# Built-in operations

> **CocoIndex v1.** This page documents CocoIndex **v1** — a ground-up redesign from v0. When writing code, ignore any v0 flow-builder DSL or deprecated decorators.
>
> Source: https://cocoindex.io/docs/ops/ · Docs index: https://cocoindex.io/docs/llms.txt · Agent skill: https://cocoindex.io/docs/skill.md
>
> v0→v1 quick map — if you reach for these v0 symbols, stop and use the v1 form: `@cocoindex.flow_def`/`FlowBuilder` → `coco.App` + a `@coco.fn` main function; `add_collector()`/`collect()`/`export()` → declare target states (`declare_row`, `declare_file`); `cocoindex.sources/functions/targets.*` → connector APIs (`localfs.walk_dir`, `coco.ops.*`, `postgres.declare_table_target`). Full mapping + API reference: https://cocoindex.io/docs/skill.md.
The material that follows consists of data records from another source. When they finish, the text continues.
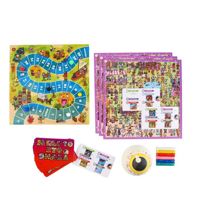 Для начала выберите поле с иллюстрациями, которое будете использовать сегодня. Для удобства каждое поле отмечено буквами от А до Е. Тщательно перемешайте карточки и сложите их в одну колоду рубашкой вверх рядом с полем для передвижения. Туда же поместите пластилин.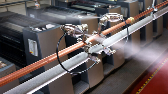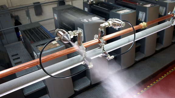 Papier ist ein hygroskopisches Material, das sehr empfindlich auf Änderungen der relativen Luftfeuchtigkeit (RH) reagiert. Für optimale Druck- und Lagerbedingungen sollte die Luftfeuchtigkeit zwischen 40 und 60 % RH gehalten werden. Die von Druckmaschinen und Heizungen in geschlossenen Räumen erzeugte Wärme kann zu einer Austrocknung der Luft und in der Folge auch des Papiers führen. Im Winter kann die relative Luftfeuchtigkeit auf 15 bis 20 % RH sinken, was zu statischer Aufladung und Druckproblemen wie Passungsfehlern, Bahnrissen, Papierwellungen und Papierrissen beim Falzen führen kann. Durch die Befeuchtung der Luft in der Umgebung von Druckmaschinen, Rollenständern und Papierlagern können solche Probleme drastisch reduziert werden.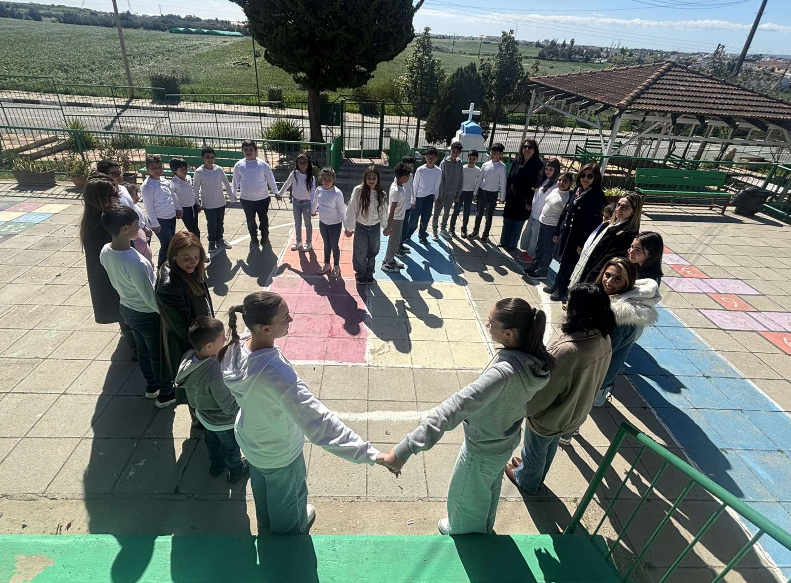 Στο πλακόστρωτο του Σχολείου, φορώντας το τζιν παντελόνι μας και κρατώντας όλοι χέρι - χέρι, σχηματίσαμε μια καρδιά , στέλνοντας ένα μήνυμα ενότητας και συμπερίληψης!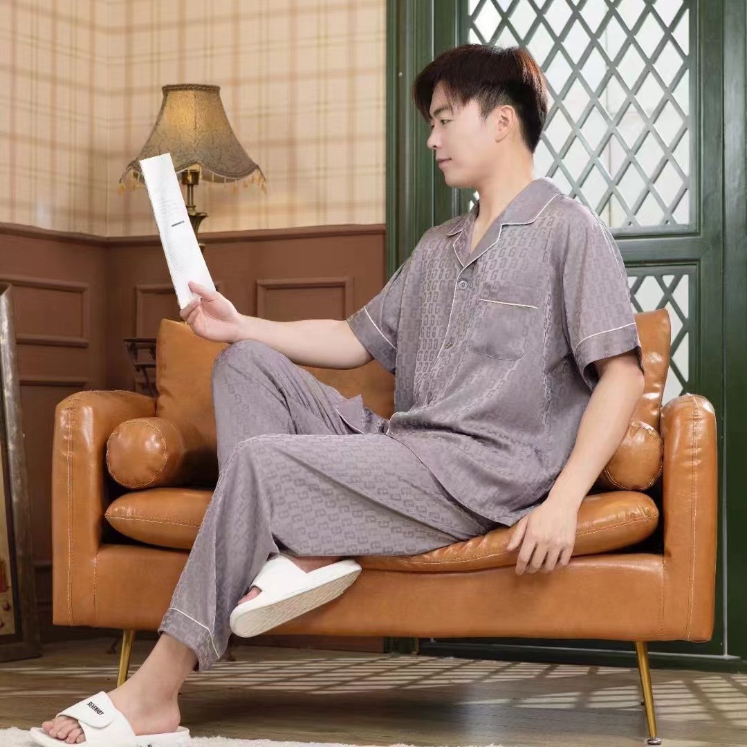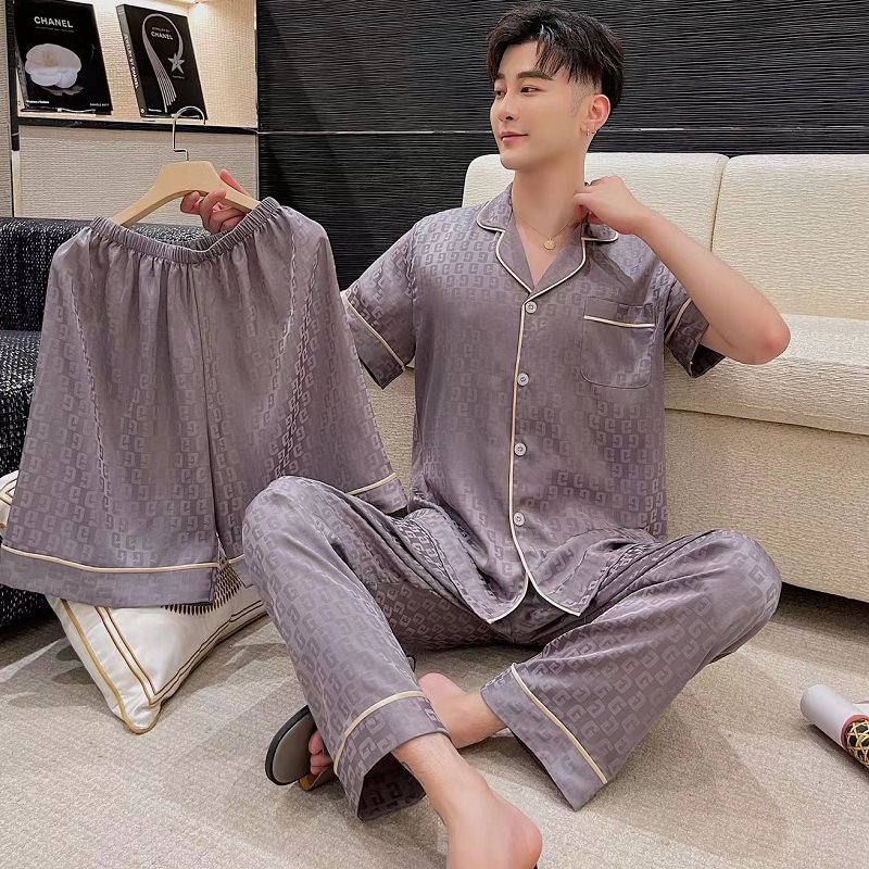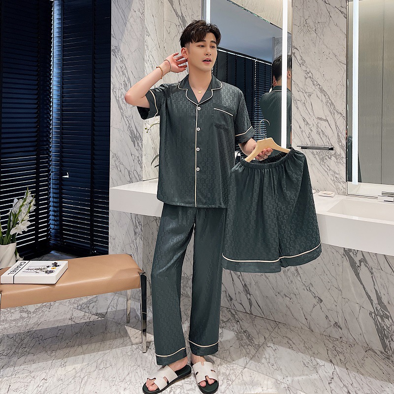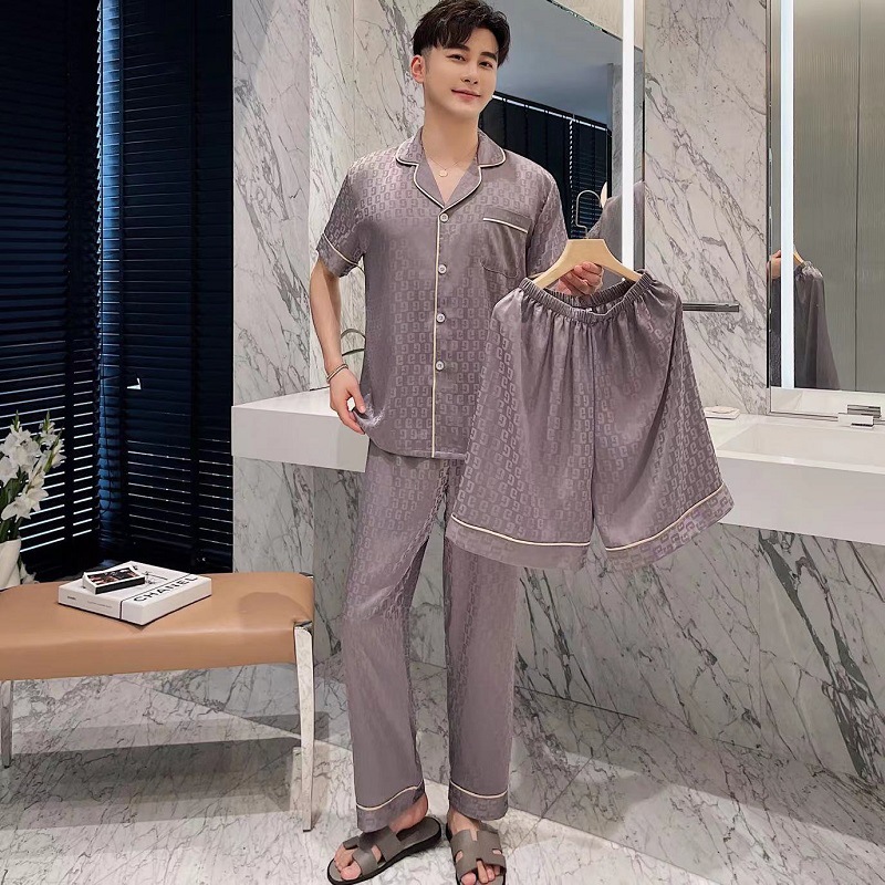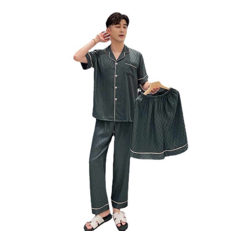 Мужские пижамы из ледяного шелка, комплект из трех предметов, мужской тонкий высококачественный цельный костюм, дропшиппинг, домашняя одежда из искусственного шелка, летняя одежда

CocoIndex ships a set of built-in operations under the `cocoindex.ops` package.
Each module is independently importable and composes with the rest of a pipeline.

```python
from cocoindex.ops import text, litellm, sentence_transformers, entity_resolution
```

## Operation modules

| Module | What it provides |
|---|---|
| [Text operations](/docs/ops/text/) | Code language detection, regex-based `SeparatorSplitter`, and syntax-aware `RecursiveSplitter` (tree-sitter) returning position-tracked [`Chunk`](/docs/common_resources/data_types/#chunk)s. |
| [Sentence Transformers](/docs/ops/sentence_transformers/) | Local text embeddings via `sentence-transformers`, with model caching, thread-safe GPU access, and optional normalization. |
| [LiteLLM](/docs/ops/litellm/) | Embeddings and audio transcription through LiteLLM's unified API across 100+ providers (OpenAI, Azure, Vertex AI, Bedrock, Cohere, and more). |
| [Entity resolution](/docs/ops/entity_resolution/) | Deduplicate entity names via FAISS embedding similarity plus a pluggable LLM pair-resolver, with PINNED / PREFERRED canonical policies. |

## Most common: chunking code and text

The most-used built-in is `RecursiveSplitter`. It does syntax-aware splitting that
respects language structure (functions, classes, blocks) via tree-sitter, falling
back to separator-based splitting for unsupported languages.

```python
from cocoindex.ops.text import RecursiveSplitter

splitter = RecursiveSplitter()

chunks = splitter.split(
    python_code,
    chunk_size=1000,
    min_chunk_size=300,
    chunk_overlap=300,
    language="python",
)
```

It tries to keep each output chunk between `min_chunk_size` and `chunk_size`, splitting
at the highest-level boundary that fits and descending to finer boundaries when a piece
is still too large. See [Text operations](/docs/ops/text/) for the full parameter reference,
supported languages, and custom-language configuration.

## Embeddings

Two interchangeable embedding backends are available, both providing a
`VectorSchemaProvider` so vector columns are configured automatically by connectors:

- [Sentence Transformers](/docs/ops/sentence_transformers/) runs locally, no API key.
- [LiteLLM](/docs/ops/litellm/) reaches hosted providers behind one API.